2 thoughts on “G is for Gender–Way Beyond Pink and Blue

  1. fascinating topic. I read an article recently — can’t remember where– that went through various suggestions about what made someone a woman — chromosomes hormones, genitals, how society treats you, what you’re into — dolls vs bbguns and concluded that the only thing that made sense was that you want to be a woman or that you think of yourself as a woman. I.e., it is entirely a matter of self-identification. I can see some value in that. But I do wonder what that comes down to: If someone says, “I am a woman” on this view, what is she saying if there is nothing else it means to be a woman? I mean what is the CONTENT of the self-description/desire. It just seems empty. Also — it seems to me that if this definition is correct, then someone could be identical to a Mike Tyson or a Mike Huckabee — in chromosomes, genitals, hormones, musculature, facial hair, attitudes, etc. and still count as a woman if they thought of themselves as a woman. This would be odd. It also seems to me that we care — not just about our own gender — but about the gender of people we interact with — e.g. I don’t want this Mike person (Michaela?) in my locker room (bathroom is maybe OK) nor do I want them competing against me in an athletic competition nor do I want them in my all-women therapy group meeting nor would I (if I were a lesbian) want to go on a blind date with them. Maybe this is just a sign of my old fogeyism.
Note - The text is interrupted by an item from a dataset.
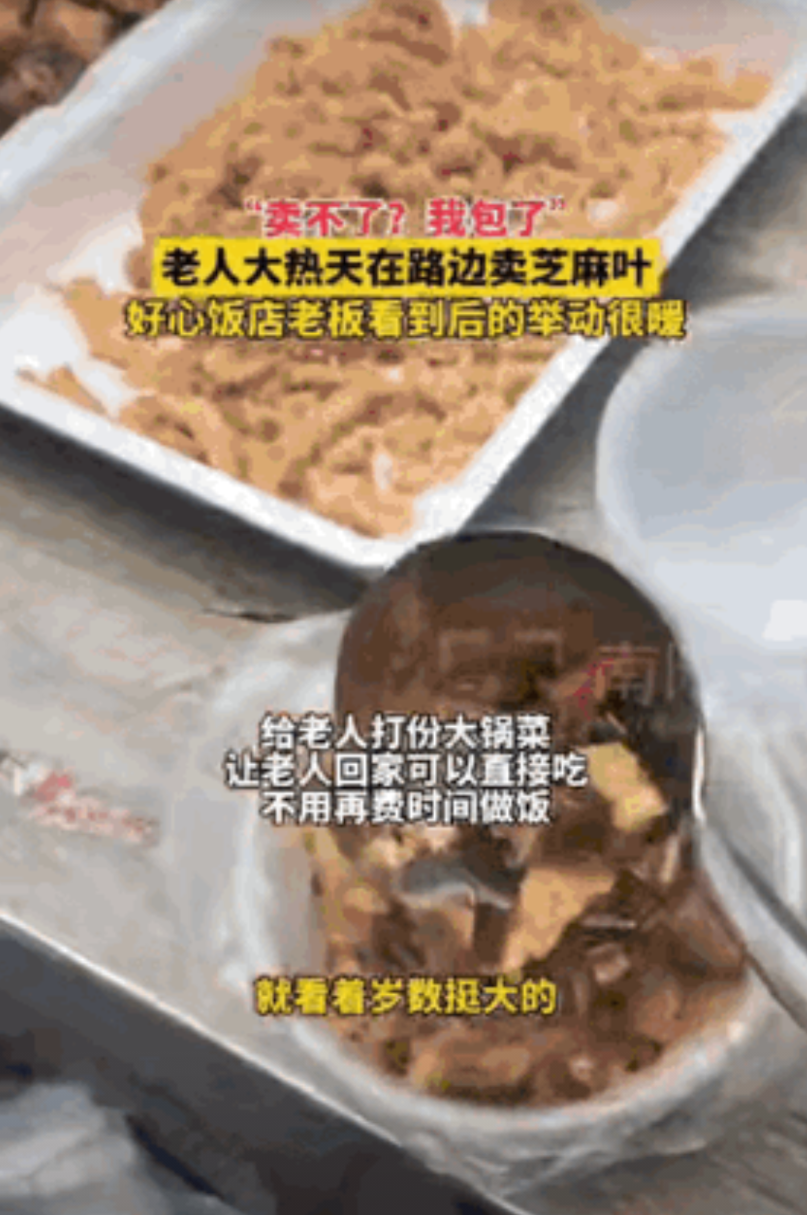 老人自己感觉有些不好意思,但尹老板挥了挥手,示意老人带走吃就行。自从,尹老板把包圆了阿姨的芝麻叶。后来连续两三天都没见到老人,后来老人再来,尹老板问她:“怎么不见您来我这边门口卖了。”老人表示来了怕给他添麻烦。

    1. It’s so complex. At AWP last week, I went to a panel of queer writers (there were no panels of gay or lesbian writers) where all of the females identified as queer, but the male writers identified as gay. And someone on the panel said (I think I put this in my blog, but may have edited it out, not sure) that to be a self-identified lesbian is to be transphobic. Another conversation I had recently included a statement from someone (again, I forget who and where–definitely a sign of being old) who said that if a lesbian didn’t want to date a trans* person, the lesbian was being transphobic. Which is just ridiculous. I mean, what? We can’t chose who we date without being labeled a hater? I don’t date men, but I don’t hate them, I just don’t want to sleep with them. Choosing who to sleep with, can be, a political decision, I suppose, but that’s not what I want it to be for me. As far as locker rooms, etc. I don’t have as much an issue with that because I don’t think a trans* person is going to be there to look at me. Nor do I think a straight, cisgendered dude is going to pose as a transwoman just to get a glimpse inside the women’s locker room. In fact, it’s far more dangerous for a trans* person to use the restroom of their identified gender than it is for the cisgendered folks they might encounter there. A current Facebook meme puts it this way: there have been more GOP politicians doing illicit things in restrooms than trans* people. I think the bathroom thing is a red herring, a distraction from the real issue. The real issue (or one of them) is that we are a country full of people obsessed with what other people do sexually, reproductively, genderwise (genderly?) We want to moralize and legalize and outlaw and regulate other people because we have our own discomforts. We need to chill and accept that other people (generally) can make their own decisions about how to best live their lives. Which means, too, that while we should all be able to expect equal treatment regardless of our gender, orientation, religion, etc. we must respect everyone’s right to their own (nonviolent) views. Oh, I have a lot to say on this topic. I could write and write and write.